Her life was a sprawling epic. Her father, Pakistan's president and then prime minister, was hanged; one brother died mysteriously, the other in a shootout. She spent five years imprisoned by her father's tormentors, mostly in solitary confinement, before rising twice to the office of prime minister.

She fled before her conviction on corruption charges, living abroad for eight years. She could have lived there comfortably, far from the cauldron of Pakistani politics, but chose not to do so. When she returned in October to marshal opposition to President Pervez Musharraf, a suicide attacker targeted her homecoming parade in Karachi. More than 140 people died.

The 54-year-old Bhutto escaped injury. "We will not be deterred," she said then.

On the campaign trail, she celebrated her survival. "Bhutto is alive! Bhutto is alive! Bhutto is alive!" she shouted at a rally in December.

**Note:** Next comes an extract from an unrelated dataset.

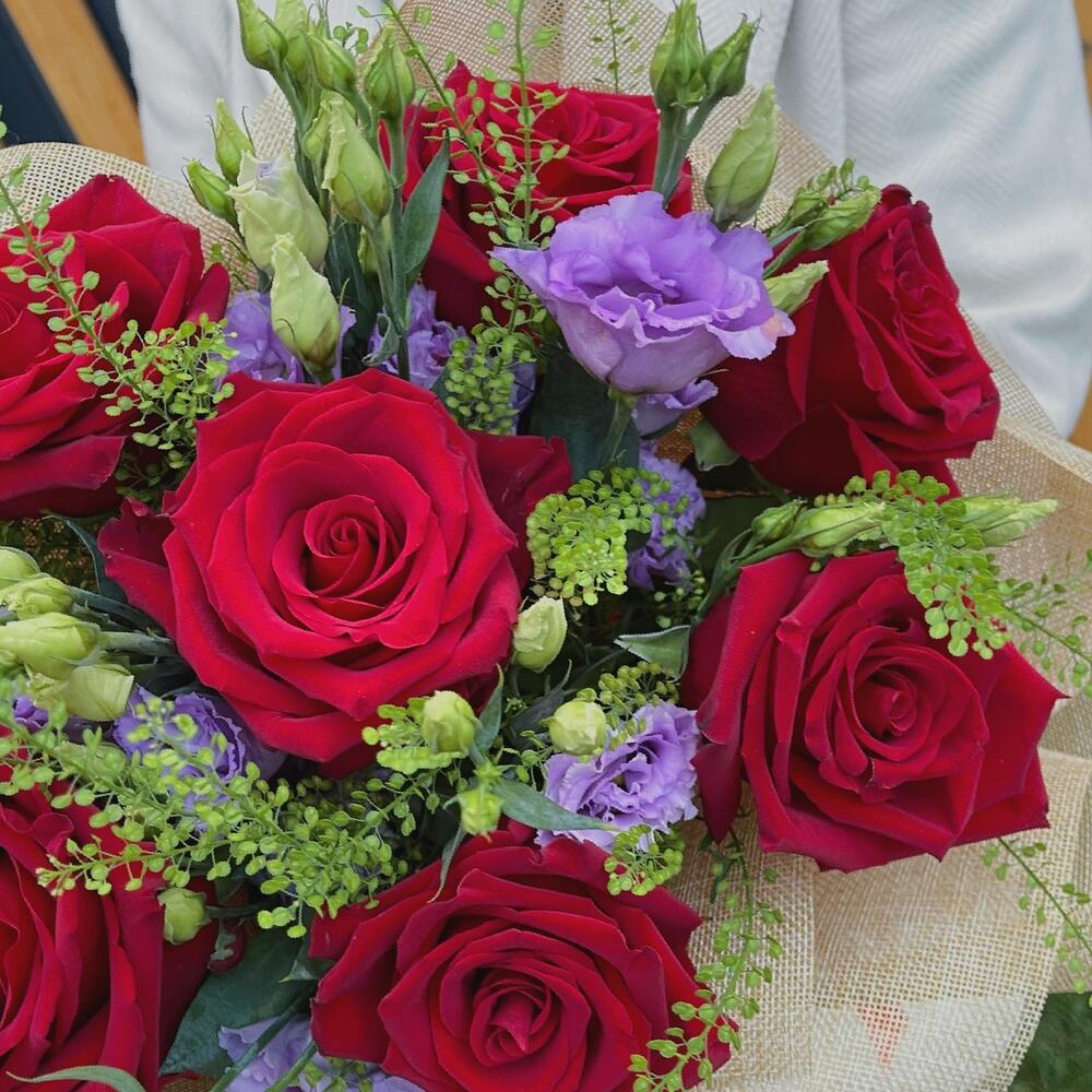 Роза премиум – 7 шт.лизиантус сортовой – 5 шт.Гринбелл – 5 шт.Мешковина упаковка – 1 шт.Лента атласная – 1 шт.

Like the Nehru-Gandhi family that long has been a force in the politics of neighboring India, the Bhuttos have held a central role in Pakistan for nearly a half century.

Benazir's father, Zulfikar Ali Bhutto, was the son of a wealthy landowning family in southern Pakistan and founder of the Pakistan People's Party. With a populist, pro-democracy message, he rose to power in 1971.

Six years later, he was deposed by the military. In 1979, he was executed by the government of Gen. Mohammad Zia-ul Haq after his much-disputed conviction on charges of arranging the murder of the father of a political opponent.

A day before he was hanged, his daughter visited him in prison.

"I told him on my oath in his death cell, I would carry on his work," Bhutto would recall.

At the time and for years after, however, Benazir Bhutto could not fight for her father's cause: She was in jail or under house arrest.

The elder Bhutto had sent his daughter to study politics and government at Harvard and then at Oxford. Beautiful, charismatic and articulate, she was a dangerous opponent for the military government.

Around the world, Bhutto was a feminist heroine. In her campaigns, she advocated new services for women and opposed sexual discrimination, though few measures were adopted under her government.

In her personal life, Bhutto surprised many by agreeing to an arranged marriage in 1987 with Karachi businessman Asif Ali Zardari. She said that as the leader of a Muslim party, she was not free to marry for love, which would have "destroyed my political career," she told The New York Times in 1994.

Her marriage would play a major role in her downfall.

Over the years, the couple would be accused of charging millions of dollars in "commissions" from foreign companies. Zardari was called "Mr. 10 Percent" during Bhutto's first term because of these alleged kickbacks; in her second term, the take and the monicker were upgraded to "Mr. 40 Percent."